Also if you're wanting to test agentic capabilities, the quality of the tools come into question.
Then you have to worry about the simple stuff. What quant are you using and are your settings optimal? If one model can iterate and create a better output, how do you compare that to a model that did almost as good in one shot, but can't iterate or troubleshoot?

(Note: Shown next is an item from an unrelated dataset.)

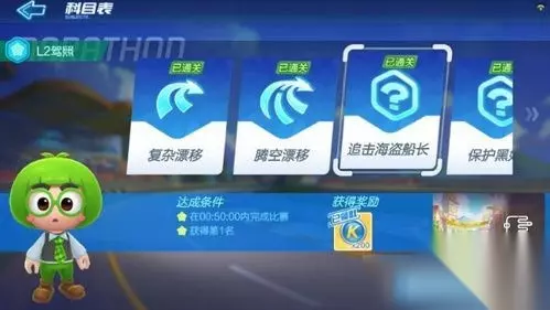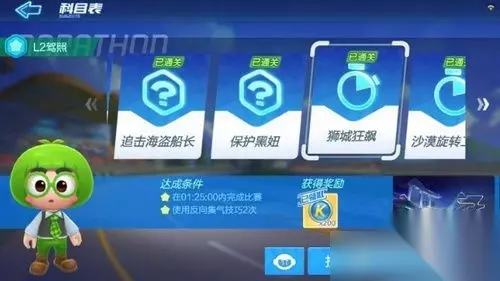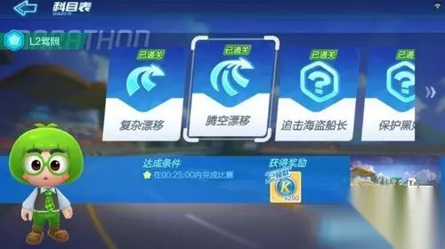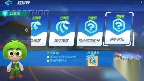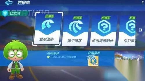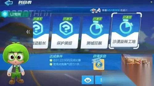 跑跑卡丁车手游L2驾照怎么考 考试一共有六场,分别是:复杂漂移,腾空漂移,追击海盗船长,保护黑妞,狮城狂飙,沙漠旋转工地 复杂漂移

There seems to be way too many variables to account for when comparing quality. I would like to hear how others are quantitatively measuring the output quality of these models.
mr_Owner@reddit
I benchmark currently real world usage with the seed flag to expect same behavior.
Until so far, i am working via a llm harness to plan out a certain prompt on a existing codebase, and i ask to review itself afterwards.
I them compare the output with other plans and ask a cloud frontier llm to grade the plans.
So far, i have mixed results meaning i am almost certain that quant + kv cache has a high impact. Even with mtp on dense llm's the outcome seems (in my case) less deep in comparison to non mtp.
Tldr, real world own usages qwen3.6 35b a3b at q8 and kv at q8 has been better at planning, scanning and understanding codebase then qwen3.6 27b q6 and kv at q8 with and without mtp.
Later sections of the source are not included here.